- ACTIVITY
Task for the records below: copy exactly from the first line on, stopping once the line with "Informatieve decoratie op" is copied, and leave out the pictures.

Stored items
★ ★ ★ ★ ★ ★ ★
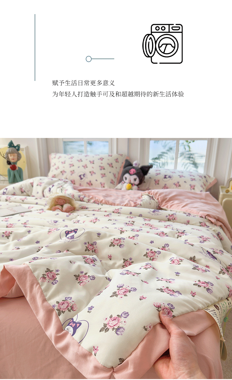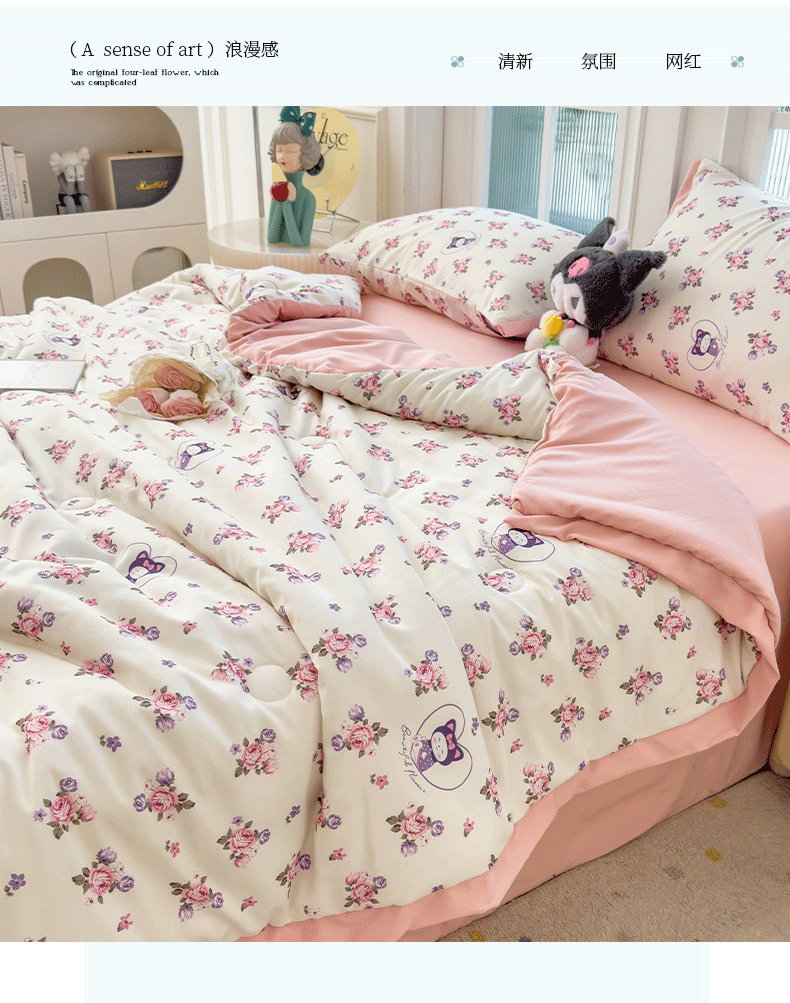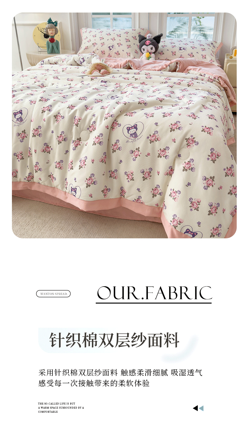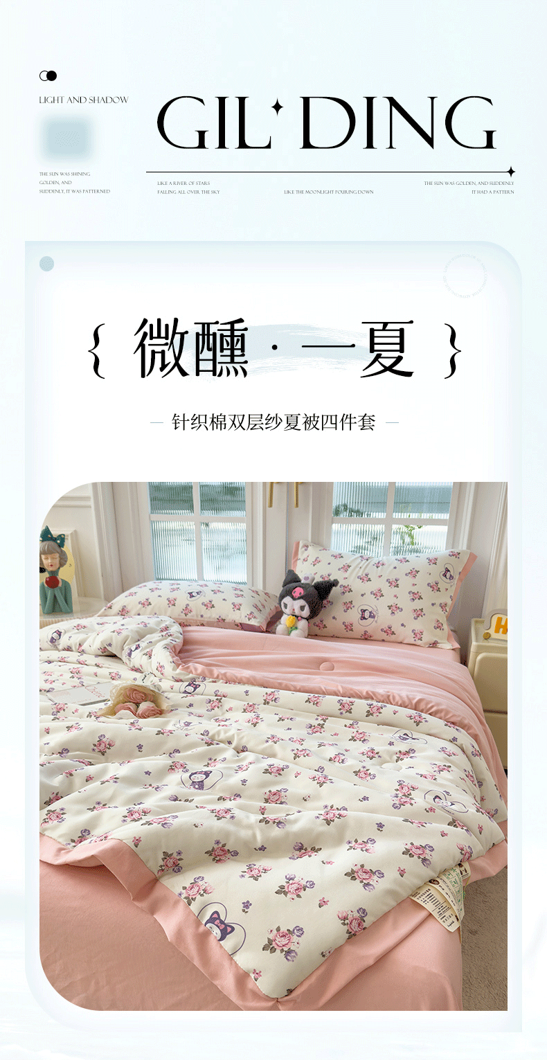 当前位置: 91家纺网 > 商品网购 > 床品套件 > 四件套 > 夏被四件套 > 悦织语 2026新款A类针织棉双层纱韩版夏被四件套空调被 甜心库洛
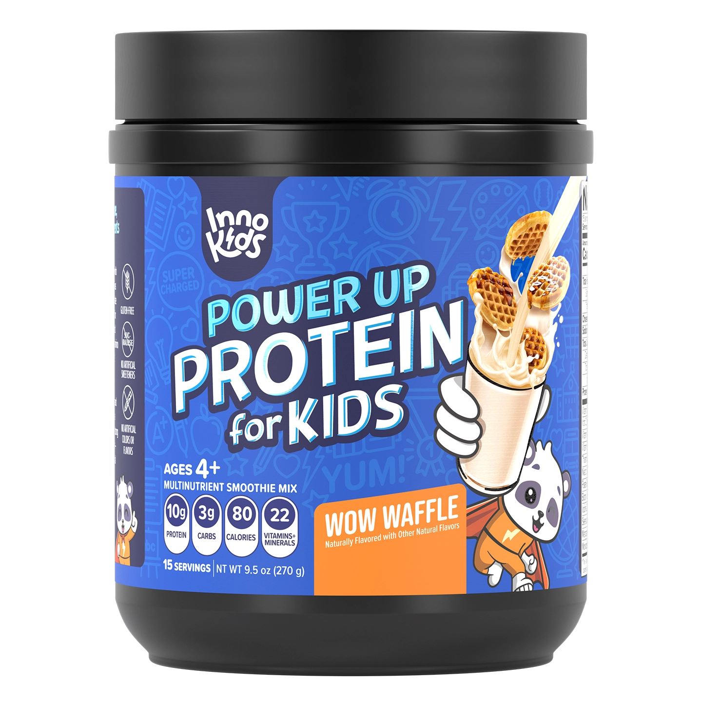 You can enjoy Power Up Protein for Kids in many different ways! You can mix a serving with 6-8 oz of water or your preferred beverage, blend a serving with your favorite smoothie, or even replace ¼ to ½ cup of flour with a serving in your favorite baking recipe.*
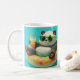 A fluffy and content panda enjoys a perfect summer day, relaxing in a vibrant, floral pool float. Sporting stylish yellow sunglasses and holding an ice-cold can of Coca-Cola, this adorable character is the very picture of ultimate relaxation and cool summer vibes.
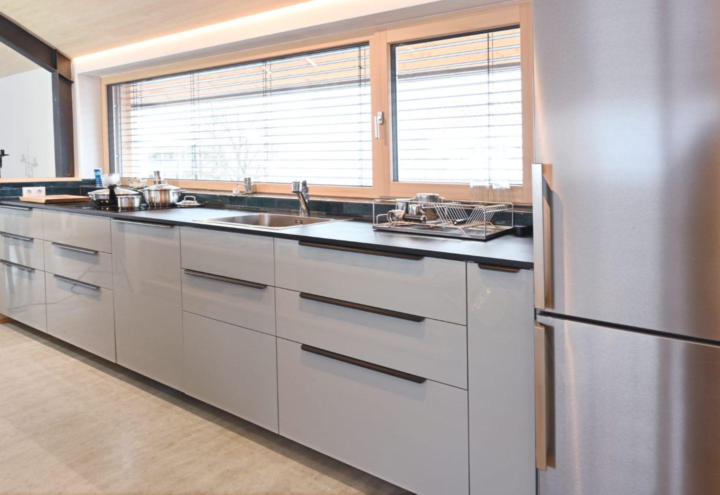Die moderne, voll ausgestattete Küche, öffnet sich zum Wohnraum der mit großem Esstisch, großzügiger Sofalandschaft und einem Fernseher ausgestattet ist. Die zum Bodensee gerichtete Giebelseite ist komplett verglast. Zwei sechs Meter lange Fenster über der Küchenzeile und über der Treppe schaffen zusätzlich einen einzigartigen Rundblick und sorgen für viel angenehmes Tageslicht.
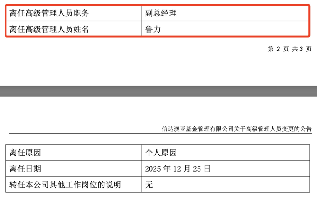 除了董事长变更之外,信达澳亚基金副总经理鲁力也于同一天公告因个人原因离职。
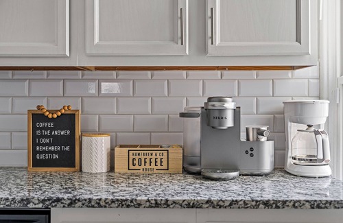 Culinary Convenience: The fully stocked kitchen features modern appliances, including a Keurig coffee maker, allowing you to prepare delicious meals and snacks during your stay.
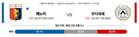 이번 경기는 경기 초반의 탐색전보다, 후반 승부처에서 제노아가 몰아치는 파상공세를 우디네세 수비진이 얼마나 버텨낼 수 있느냐가 핵심입니다.
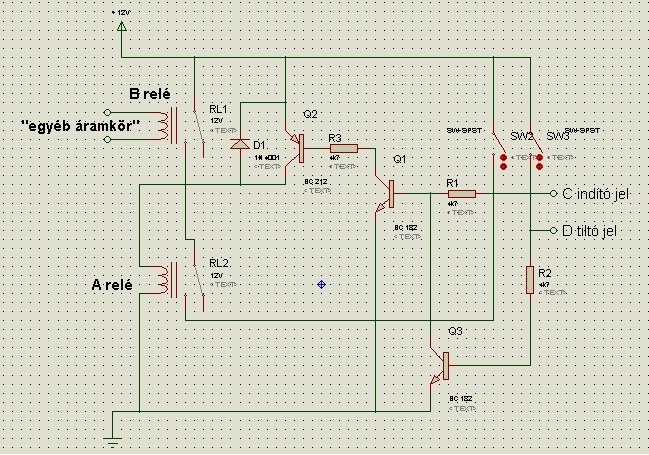 Igen az "A" relé vezérlését tranzisztoros kapcsolással szeretném megoldani. Nekem a gondom még mindig a tiltás jel feldolgozása. Tegyük fel van rövid +12v indító"C" jel. Ha "B" zárva akkor az "A" is behúzhat és ott is kell maradnia. De közben figyelni kell hogy a tiltó "D" jel milyen állapotban van. Mert ha +12v fesz van rajta akkor nem húzhat be az "A" hiába van zárva a "B" de ha már eleve öntartó állapotban van az "A" akkor a tiltó "D" jel hatására el kell engednie független attól hogy a "B" zárva van.
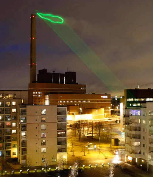 Informatieve decoratie op stedelijke schaal. Elke nacht van 22 tot en met 29 februari 2008 zullen de stoomemissies van de Salmisaari-energiecentrale in Helsinki verlicht worden om de huidige niveaus van elektriciteitsverbruik door lokale bewoners weer te geven. Een laserstraal zal het wolkenspoor gedurende de nacht volgen en het omzetten in een neonstijl grafiek.
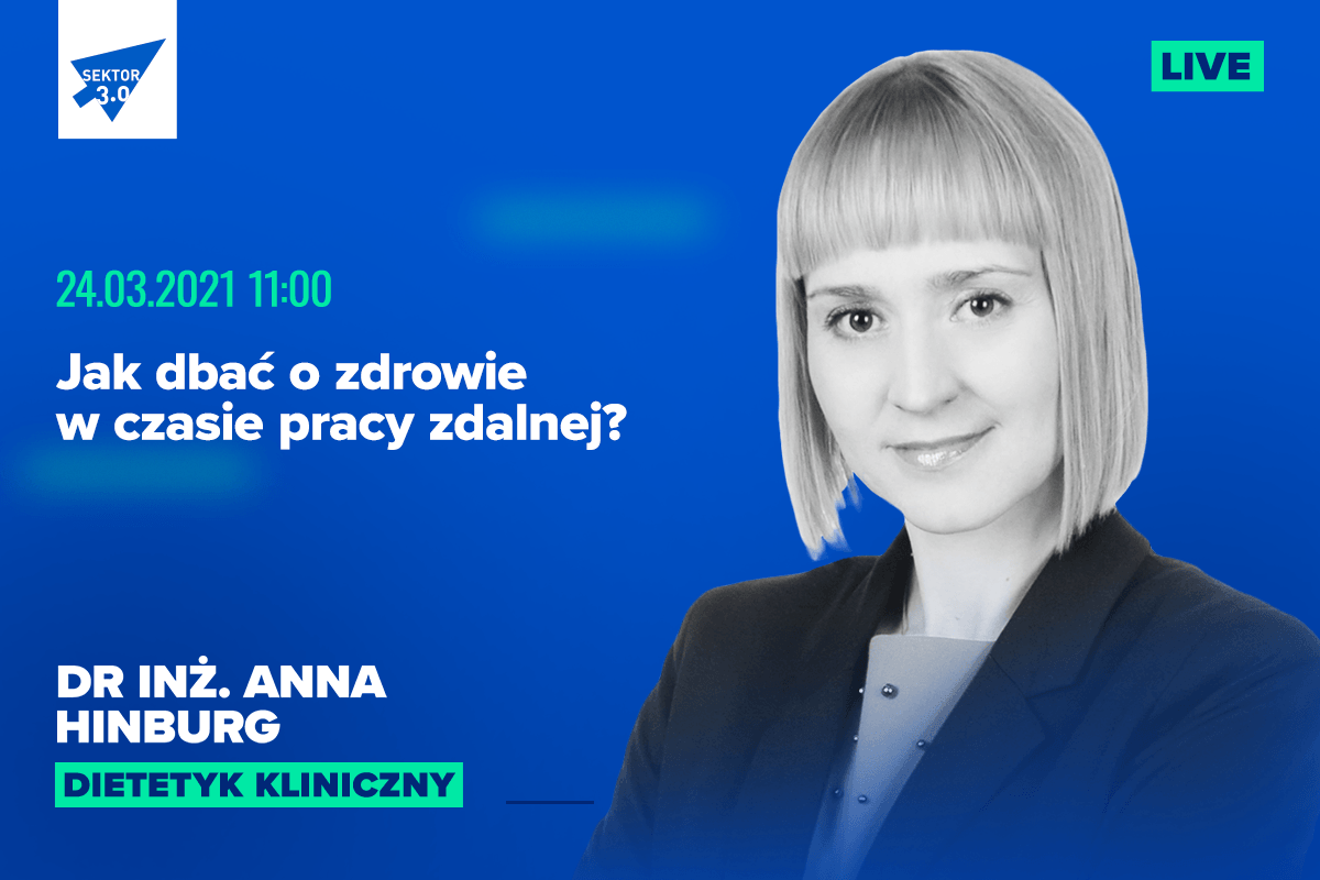 Ostatni rok zmienił diametralnie nasze życie. Inaczej pracujemy, inaczej odpoczywamy, a dbałość o zdrowie kojarzymy raczej z maseczką i myciem rąk, niż ze zbilansowaną dietą i aktywnością na świeżym powietrzu. Dlatego na kolejny LIVE Sektor 3.0 zaprosiliśmy dr inż. Annę Hinburg, dietetyczkę kliniczną, która podpowie nam, jak gotować zdrowo, szybko i smacznie oraz zachować sprawność w czasie home office. Zapraszamy w środę (24.03) o godz. 11:00!
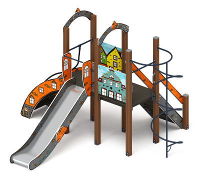 2 | Горка | Скат горки шириной 530 мм, выполнен из нержавеющей стали t=1,5 мм - цельного листа, борта выполнены из влагостойкой фанеры толщиной 24 мм, кромки фанеры тщательно шлифованы, борта окрашены при помощи УФ печати, принт - в стиле «Эко». Опорный каркас горки выполнен из профиля 40х25 и труб диаметром 32 мм (металл имеет плавные радиусы и тщательную обработку швов, покрыт порошковой краской) Размер горки в плане 530х2270х1200 (h) | комплект | |
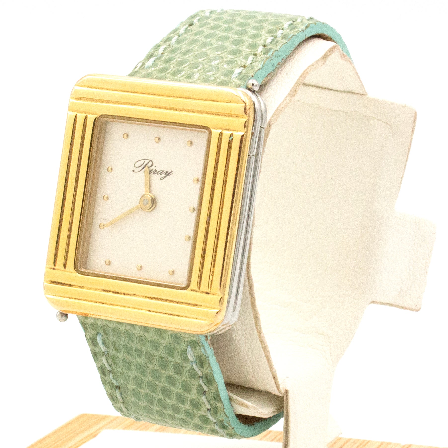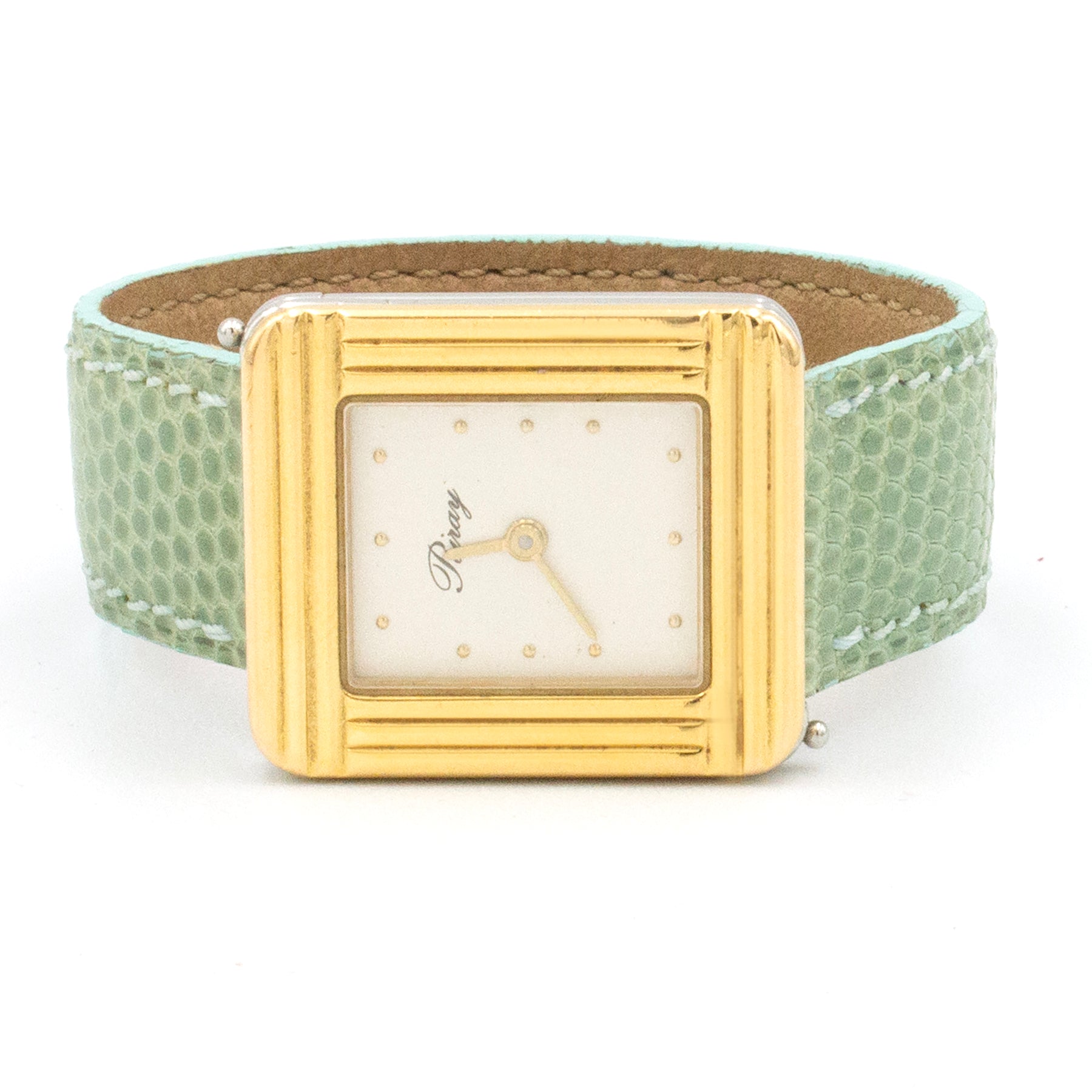 - The Poiray strap is made of green lizard leather.
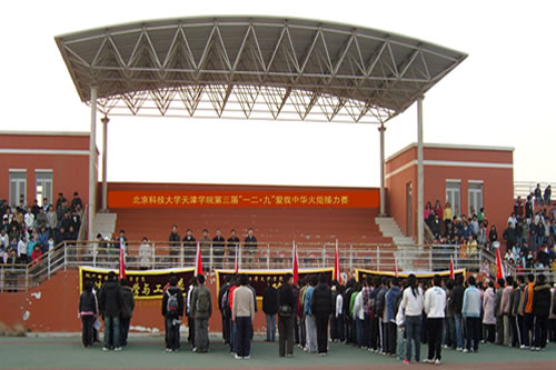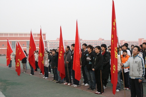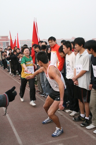 下午4:00,北京科技大学校长助理、天津学院院长张文明教授宣布比赛正式开始。此次“一二•九——爱我中华”火炬接力赛由来自学院8个系的8支参赛队伍参加,每支队伍十人参赛。根据赛程,各系党总支书记或分团委书记负责完成赛段前50米,之后接力棒交给各系代表队队员,围绕学院操场及行政楼一圈后交给下一位队员。
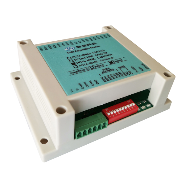 模块为8通道电压、电流模拟输出模块,主机或PLC可通过CAN总线CANopen协议给模块发送指令,模块根据指令输出模拟电压或电流信号。
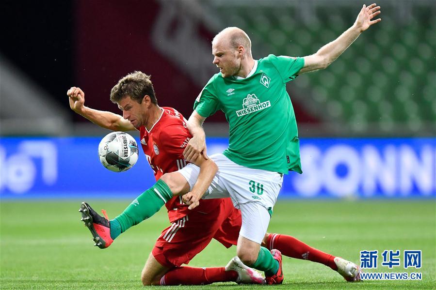 6月16日,拜仁慕尼黑队球员穆勒(左)在比赛中和不来梅队球员克拉森拼抢。当日,在2019-2020赛季德国足球甲级联赛第32轮比赛中,拜仁慕尼黑队客场以1比0战胜不来梅队,提前两轮夺得本赛季德甲联赛冠军,实现德甲联赛八连冠。 新华社/法新
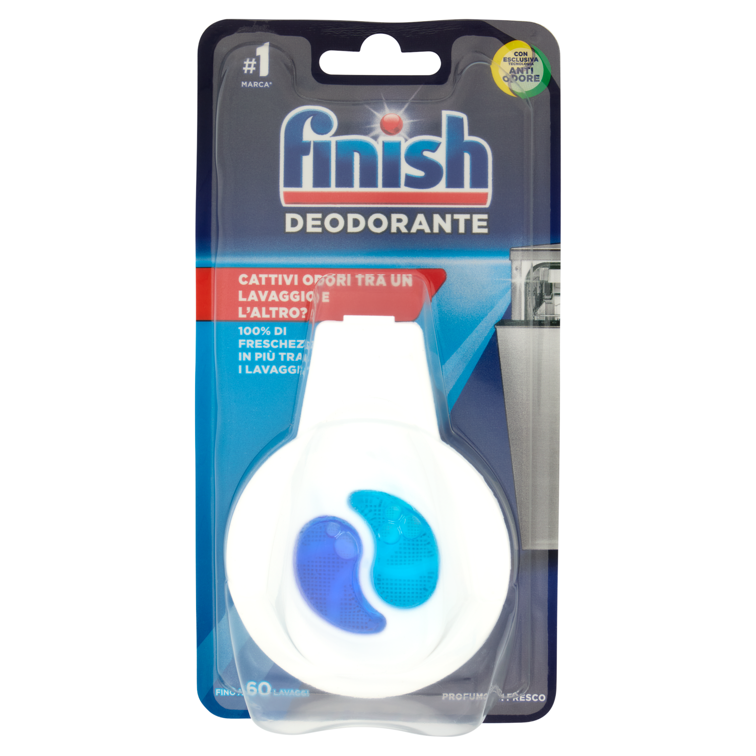 Finish Deodorante Tra un lavaggio e l'altro, i residui di sporco potrebbero essere la causa dei cattivi odori nella tua lavastoviglie. Grazie alla sua esclusiva tecnologia Anti Odore, Finish Deodorante Profumo di Fresco ti garantisce il 100% di freschezza in più tra i lavaggi**, così potrai godere di un profumo rinfrescante ogni volta che aprirai la tua lavastoviglie. **Fragranza 2 volte più fresca e percezione meno intensa del cattivo odore tra un lavaggio e l'altro rispetto al non utilizzo del prodotto
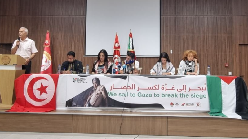 Cet été, « nous assisterons à la plus grande flottille civile de l’histoire », a déclaré Haifa Mansouri, l’une des organisatrices, durant la conférence tenue ce lundi au siège de l’Union générale tunisienne du travail (UGTT). Cette opération, qualifiée de « dynamique de résistance », regroupe plusieurs initiatives : la « Flottille de la Solidarité maghrébine », la « Flottille de la Liberté », le « Mouvement mondial pour Gaza », ainsi que l’initiative est-asiatique Sumud Nusantara.
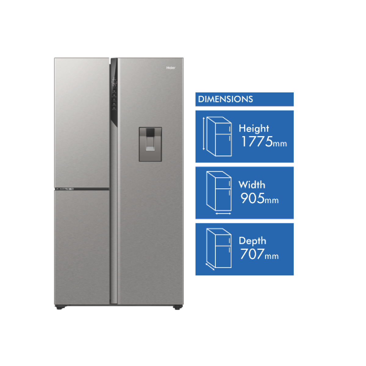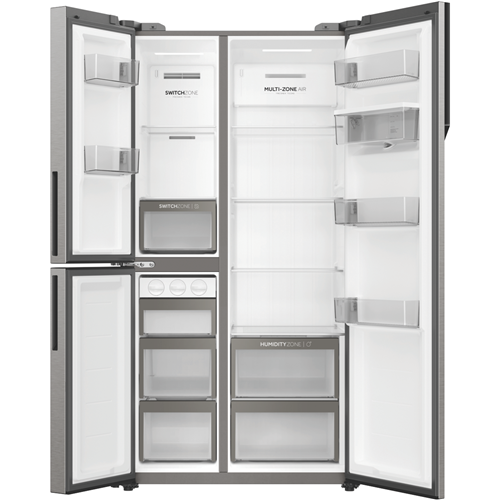 Make room for all your fresh and frozen favorites with the spacious Haier 575L side by side refrigerator. This sleek satin silver fridge packs an impressive total capacity split between a roomy 385L refrigerator and 86L freezer so you can stock up on everything your household needs. The triple door hinge and fixed doors ensure convenient access without compromising on storage space. With its energy efficient 4 star rating this fridge helps lower your energy bills while keeping food fresh for longer. The multi-zone air cooling system maintains optimal humidity and temperature control in both fridge and freezer compartments. The water dispenser eliminates the need for plumbing installation. Flexible storage options like the switch zone allow you to convert freezer space to fridge space to accommodate different food types. This Haier refrigerator makes an excellent addition to any modern kitchen. Rest assured with the 2 year manufacturer's warranty. The manufacturer's part number for this product is HRF575XHS. Discover how this refrigerator can meet your household's storage needs today.
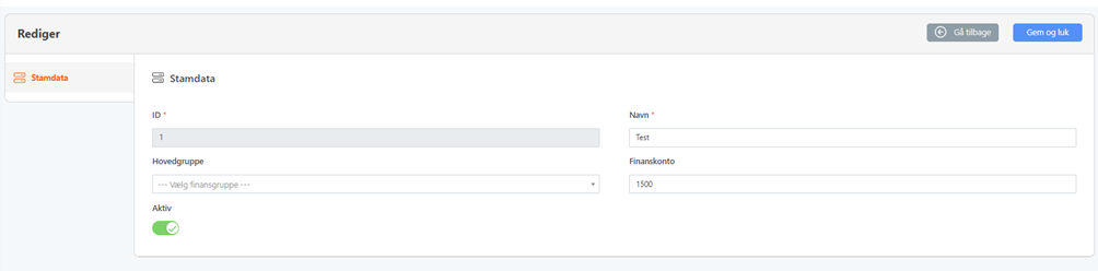 Inde i dette billede er der mulighed for at rette alle informationer ud over ID da denne skal være unik og er bundet på finansgruppen.
★ ★ ★ ★ ★ ★ ★
- RESULT OF THE TASK
 当前位置: 91家纺网 > 商品网购 > 床品套件 > 四件套 > 夏被四件套 > 悦织语 2026新款A类针织棉双层纱韩版夏被四件套空调被 甜心库洛
 You can enjoy Power Up Protein for Kids in many different ways! You can mix a serving with 6-8 oz of water or your preferred beverage, blend a serving with your favorite smoothie, or even replace ¼ to ½ cup of flour with a serving in your favorite baking recipe.*
 A fluffy and content panda enjoys a perfect summer day, relaxing in a vibrant, floral pool float. Sporting stylish yellow sunglasses and holding an ice-cold can of Coca-Cola, this adorable character is the very picture of ultimate relaxation and cool summer vibes.
Die moderne, voll ausgestattete Küche, öffnet sich zum Wohnraum der mit großem Esstisch, großzügiger Sofalandschaft und einem Fernseher ausgestattet ist. Die zum Bodensee gerichtete Giebelseite ist komplett verglast. Zwei sechs Meter lange Fenster über der Küchenzeile und über der Treppe schaffen zusätzlich einen einzigartigen Rundblick und sorgen für viel angenehmes Tageslicht.
 除了董事长变更之外,信达澳亚基金副总经理鲁力也于同一天公告因个人原因离职。
 Culinary Convenience: The fully stocked kitchen features modern appliances, including a Keurig coffee maker, allowing you to prepare delicious meals and snacks during your stay.
 이번 경기는 경기 초반의 탐색전보다, 후반 승부처에서 제노아가 몰아치는 파상공세를 우디네세 수비진이 얼마나 버텨낼 수 있느냐가 핵심입니다.
 Igen az "A" relé vezérlését tranzisztoros kapcsolással szeretném megoldani. Nekem a gondom még mindig a tiltás jel feldolgozása. Tegyük fel van rövid +12v indító"C" jel. Ha "B" zárva akkor az "A" is behúzhat és ott is kell maradnia. De közben figyelni kell hogy a tiltó "D" jel milyen állapotban van. Mert ha +12v fesz van rajta akkor nem húzhat be az "A" hiába van zárva a "B" de ha már eleve öntartó állapotban van az "A" akkor a tiltó "D" jel hatására el kell engednie független attól hogy a "B" zárva van.
 Informatieve decoratie op stedelijke schaal. Elke nacht van 22 tot en met 29 februari 2008 zullen de stoomemissies van de Salmisaari-energiecentrale in Helsinki verlicht worden om de huidige niveaus van elektriciteitsverbruik door lokale bewoners weer te geven. Een laserstraal zal het wolkenspoor gedurende de nacht volgen en het omzetten in een neonstijl grafiek.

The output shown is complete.